Editor's Note: Economist Warns: 50% Unemployment, 100% Inflation Possible

The U.S. unemployment rate fell to 7.8 percent in September from 8.1 percent in August, as employers added a net 114,000 jobs, while households reported that total employment rose by 873,000 in September, mainly due to a surge in demand for part-time workers.

Meanwhile, the creation of new businesses continues to fall, especially in the more recent past.

“I think the discouraging thing is that we have seen the entrepreneurship rate decline, and it has been declining for 20 years, but at a really gradual level. Suddenly in the last three years, it has just collapsed, it’s dropped by a third and the really scary thing is that it has gotten worse each year,” Kane said.

“The officials tell us that we have been in a recovery for two years. The entrepreneurship rate is actually lower this year than last.”

And not all start-ups are tech companies like Google or Facebook. Many are mom-and-pop operations such as restaurants or kiosks in shopping malls that, when not bogged down by taxes, regulations and uncertainty, would otherwise hire and expand, which is crucial for economic health.

Many are mom-and-pop operations such as restaurants or kiosks in shopping malls that can hire and expand, which is crucial for economic health.

“There are tons of start-ups every year and data show there are 3 million jobs created on average over the last three decades at these new companies. And new doesn’t mean small.
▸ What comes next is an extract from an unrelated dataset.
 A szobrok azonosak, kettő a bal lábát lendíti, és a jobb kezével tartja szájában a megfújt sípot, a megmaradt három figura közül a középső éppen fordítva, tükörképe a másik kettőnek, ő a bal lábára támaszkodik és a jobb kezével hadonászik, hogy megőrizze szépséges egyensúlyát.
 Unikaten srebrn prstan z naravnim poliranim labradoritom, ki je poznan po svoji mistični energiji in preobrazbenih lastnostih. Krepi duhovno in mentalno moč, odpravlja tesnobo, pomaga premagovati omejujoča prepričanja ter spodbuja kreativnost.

They can be medium-sized and they can be large companies,” he noted.

“In contrast, existing firms, whether they are two years old or 200, lump them all together and they lose about 1 million jobs.”
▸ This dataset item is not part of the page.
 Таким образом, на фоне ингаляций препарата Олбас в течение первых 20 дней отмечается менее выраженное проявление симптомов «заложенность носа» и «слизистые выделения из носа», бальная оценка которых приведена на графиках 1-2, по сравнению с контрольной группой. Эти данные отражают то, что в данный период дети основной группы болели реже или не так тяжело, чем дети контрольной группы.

Many wealthy Americans pay employees out of their own pocket, and if they get hit with higher taxes, they will cut back on hiring.

“It’s not just rich people you hit when you have a higher tax rate, it’s entrepreneurs.”
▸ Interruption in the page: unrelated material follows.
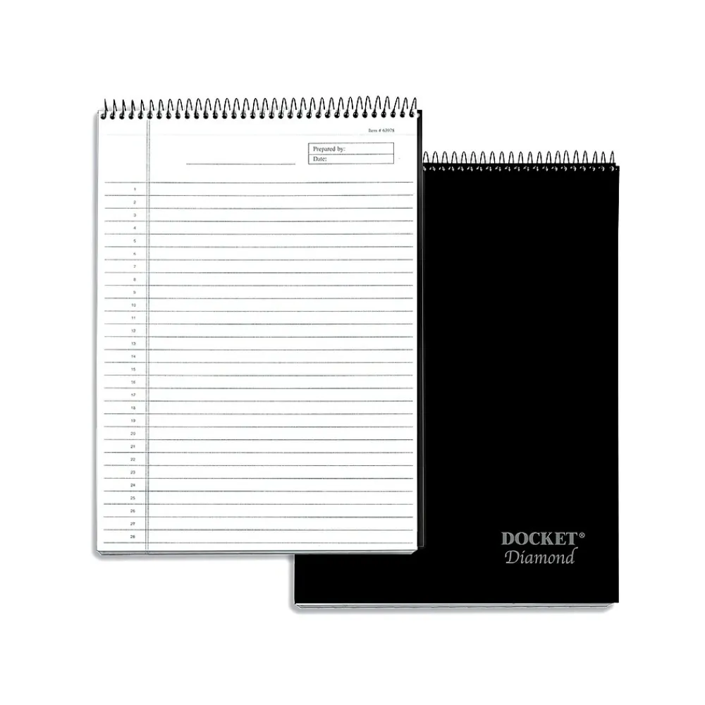 Bring a sophisticated look to meetings with this diamond premium stationery notepad, which features a black suede cover. The ruled pages feature line numbers to prioritize actionable items, and the perforated edges allow for clean sheet removal. Top wire bindings make it easy to flip through pages. This TOPS Docket stationery tablet features high-quality paper to withstand frequent handling.

Other cases show owners of start-ups who forgo collecting salaries to get their businesses going get hit with high taxes later, especially if they sell, because in the government’s eyes, they are rich and should pay more.

“It’s really punitive to success to have a tax rate that is this deeply progressive, and I think moving to a flatter tax code and lesser deductions would be much fairer and boost economic growth, and that’s the important thing,” Kane said.

In the meantime, the elections are approaching and at the end of the year, tax breaks expire at the same time cuts to government spending kick in, a combination known as a fiscal cliff that could send the country into a recession next year.

Expect fewer start-ups opening their doors and posting Help Wanted signs.

“It makes me gnash my teeth,” he stated.

“We have been saying for a long time that uncertainty matters.”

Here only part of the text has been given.